* encoding detection from <meta> tags doesn't normalize encodings - Python doesn't use the same names as HTML;
* I'm still not sure encoding detection is correct, as it is unclear what are priorities in the current implementation. It should be 1) Content-Type header; 2) BOM marks; 3) encoding in meta tags (or xml declared encoding if you support it); 4) content-based guessing - chardet, etc., or just a default value. I.e. encoding in meta should have less priority than Content-Type header, but more priority than chardet, and if I understand it properly, response.text is decoded both using Content-Type header and chardet.

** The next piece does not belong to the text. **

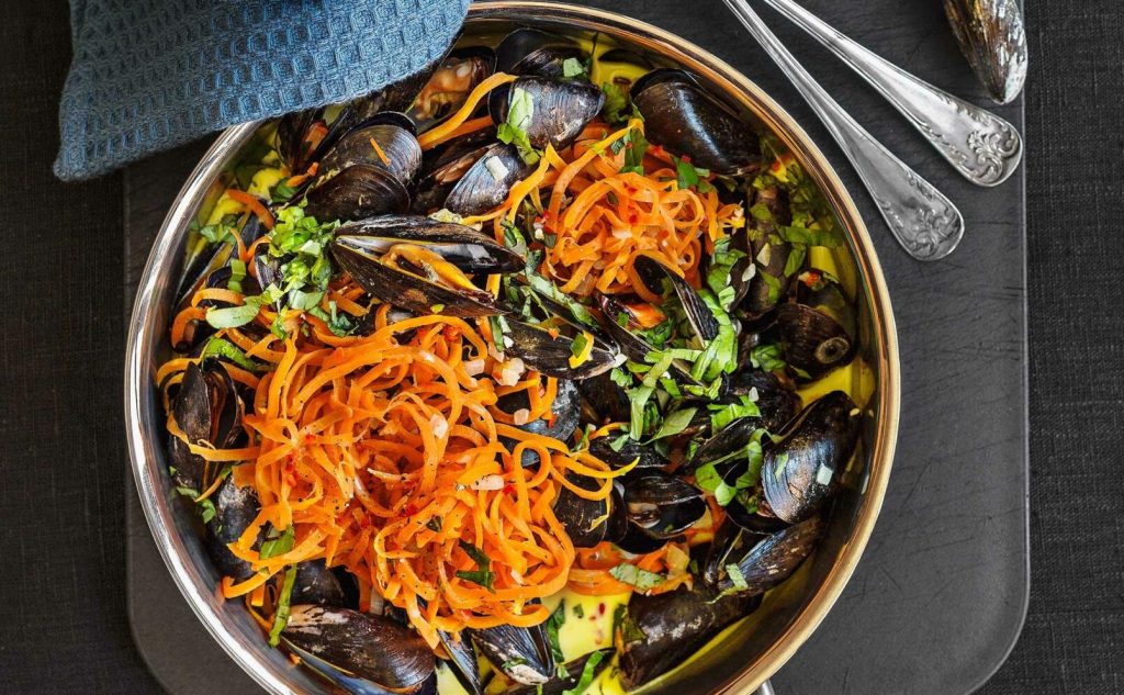 Morotsspaghetti med musslor

* lxml's fromstring handles XML (XHTML) encoding declarations, and it may fail in case of unicode data (http://lxml.de/parsing.html#python-unicode-strings), so passing response.text to fromstring is not good. At the same time, relying on lxml to detect encoding is not enough, as http headers should have a higher priority. In parsel we're re-encoding text to utf8, and forcing utf8 parser for lxml to solve it: https://github.com/scrapy/parsel/blob/f6103c8808170546ecf046....

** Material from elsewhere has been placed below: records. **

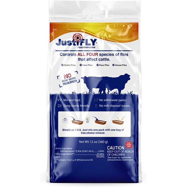 Champion USA JustiFLY Feedthrough Cattle Fly Control, Single | Non-Toxic Larvicide. Controls All Four Fly Species That Affect Cattle. Over 50 Million Head Treated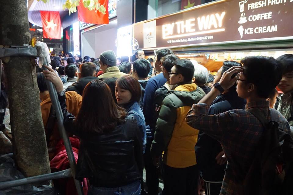 Dù đến 12h đêm, khoảnh khắc chuyển giao sang năm 2018 mới chính thức bắt đầu nhưng ngay từ đầu giờ tối, rất nhiều người đã kéo về sân khấu Countdown để chọn cho mình vị trí đẹp nhất. Chưa kịp ăn tối nên họ đã chọn Tạ Hiện - Lương Ngọc Quyến làm điểm dừng chân. Vì quá đông khách nên nhiều cửa hàng đã phải từ chối phục vụ vì quá tải. Các lối đi ở đây quá đông nên ai nấy đều phải chú ý nhích từng bước.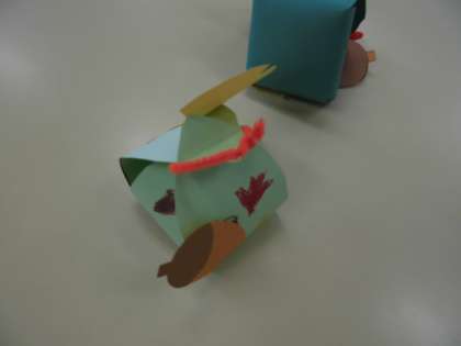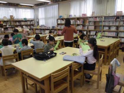 今日の図書館イベントは、読み聞かせをしていただたいた後、お土産バッグを作りました。紙を切って本体を作り、モールで取手を付けたり、周りに秋らしい飾りをしたり好きな絵を書き込んだりして仕上げました。可愛らしいお土産バッグができました。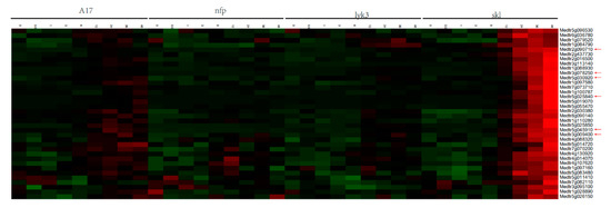 Expression profile of the 36 representative genes are highly expressed after rhizobium inoculation 12 h in mutant skl (http://pages.discovery.wisc.edu/~sroy/Medicago_symbiosis_transcriptome/query.php). Red arrows indicate genes that highly expressed in root, nodule and skl mutant under rhizobium infection.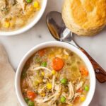 - Serve: Serve the chicken pot pie mixture hot with one biscuit on top of each serving for a delicious and comforting meal.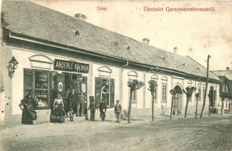 Garamszentkereszt, Sväty Kríz nad Hronom, Ziar nad Hronom; Anderle Kálmán üzlete és kirakata. Anderle Kálmán saját kiadása / publisher's shop front (fl)

* absolute_links doesn't look correct for base urls which contain path. It also may have issues with urls like tel:1122333, or mailto:.
For encoding detection we're using https://github.com/scrapy/w3lib/blob/c1a030582ec30423c40215f... in Scrapy. It works well overall; its weakness is that it doesn't require a HTML tree, and doesn't parse it, extracting meta information only from first 4Kb using a regex (4Kb limit is not good). Other than that, it does all the right things AFAIK.